LINEマンガまとめ2015発表。総閲覧ページ数は880億!ストア人気トップはキングダム!2位は監獄学園 ※2015年12月29日

いろいろ数字が出ています。累計ダウンロード数1200万は、マンガアプリ系トップクラス。年間総閲覧ページ数881億8579万5458ページ、年間総閲覧回数25億1331万8023回。ダウンロード数で割ると、約7350ページ・209回ということになりますね。

元リリースを見ても「LINEマンガインディーズ」について “無料連載(インディーズ含む)” しか触れられていないのがわたし気になります。

『火花』のヒットでも太刀打ちできない本屋の苦しい実態……2015年出版流通業界10大ニュース【前編】|サイゾーpremium ※2015年12月30日

2016年もアマゾンからの容赦無い圧力は続くのか……2015年出版流通業界10大ニュース【後編】|サイゾーpremium ※2015年12月日

謎の佐伯雄大さん+どこかの出版社+どこかの書店員による覆面対談。サイゾー系あまり触れたくないのですが、紙の市場しか見ていない人の視点だとこうなるのね、というのが分かって興味深い。電子出版市場が2割くらいを占めたら、彼らの視界にも入るようになる?

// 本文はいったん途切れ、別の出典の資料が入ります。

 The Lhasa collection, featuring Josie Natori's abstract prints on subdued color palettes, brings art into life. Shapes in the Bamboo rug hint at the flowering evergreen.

新人作家デビューの新しい手段として定着―「小説投稿サイト」の2015年を総括 | ダ・ヴィンチニュース ※2015年12月31日

台頭する「なろう」系小説 – ニューススイッチ ※2016年1月1日

年末年始のタイミングに、まったく別の媒体(ニューススイッチは日刊工業新聞社)から、似たような題材の記事が出たのが面白い。ダ・ヴィンチの方で挙げられているサイトは「野いちご」と「taskey」以外は知ってました。

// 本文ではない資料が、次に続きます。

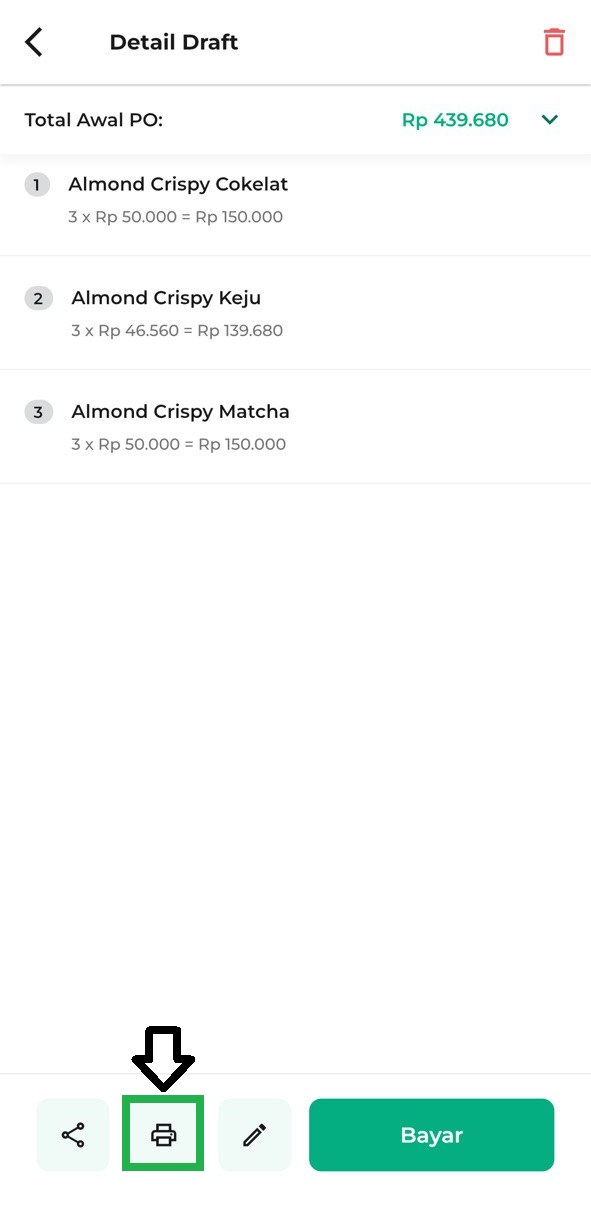 - Setelah melihat preview draft pembelian, klik ikon titik tiga di sebelah pojok kanan atas, lalu pilih opsi cetak.

青空文庫に谷崎潤一郎「春琴抄」、江戸川乱歩「二銭銅貨」など登場 – ITmedia ニュース ※2016年1月1日

Happy Public Domain Day! なお、元旦の青空文庫「そらもよう」には、著作権者存命作品の受け入れを再開するという告知がありました。

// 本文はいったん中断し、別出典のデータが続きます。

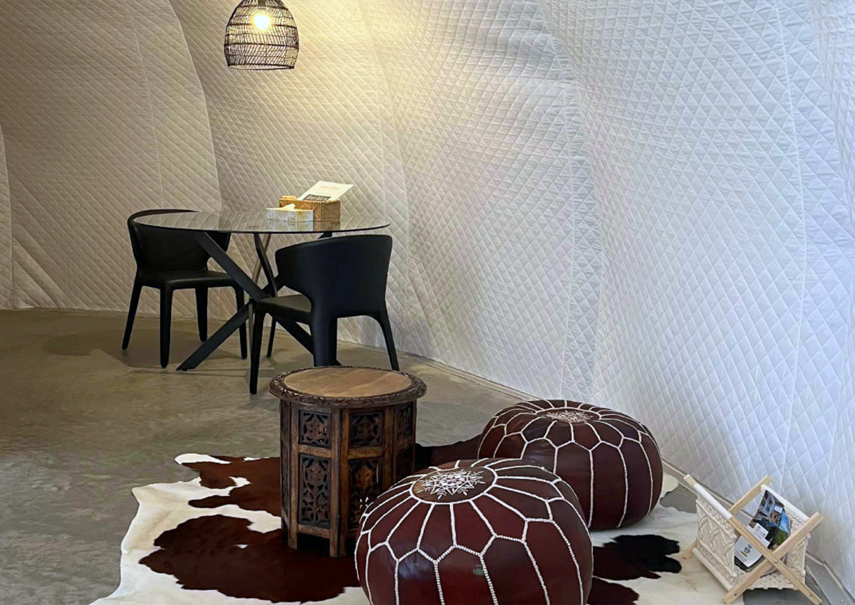 Le Snail Dome est lumineux et dispose d’un espace de vie spacieux ouvert avec une kitchenette entièrement équipée et une table à manger pour deux personnes. Le lit king-size fait face à une grande fenêtre avec une vue spectaculaire sur les montagnes. Derrière le lit se trouve un coin salon confortable, d’inspiration marocaine, où vous pourrez vous détendre avec un livre ou un verre de vin.

出版状況クロニクル92(2015年12月1日~12月31日) – 出版・読書メモランダム ※2016年1月1日

毎月楽しみな小田光雄さんの出版状況クロニクル。やはり電子出版系には一切触れず。

本の値段、どうあるべきか 多様化する販売網と価格:朝日新聞デジタル ※2016年1月1日

津田大介さん、山野浩一さん(筑摩書房社長)、柴野響子さん(上智大准教授)、植村八潮さん(専修大学教授)によるコメント。全員「時限再販もっと積極的にやろうぜ」と言ってるのが面白い。書店サイドはどういう見解なのかしらん? この件、あとで別記事に。

発表! 2015年 電子書籍重大ニュース!(KADOKAWA)|株式会社KADOKAWAのプレスリリース ※2016年1月2日

最後の方にサラッと “NTTドコモの雑誌読み放題アプリ「dマガジン」の契約者数が250万人を突破しました” と書いてあったのでピックアップ。半年で+50万人。

「活字離れ」論の文化史 「定義」と「統計」の実証研究 日本出版学会春季研究発表会 林 智彦 – SlideShare ※2016年1月3日

林智彦さんが昨年5月の日本出版学会春季研究発表会で公表したスライドがお年玉として(?)SlideShareに公開。“結論:「活字離れ」論に根拠はない” です。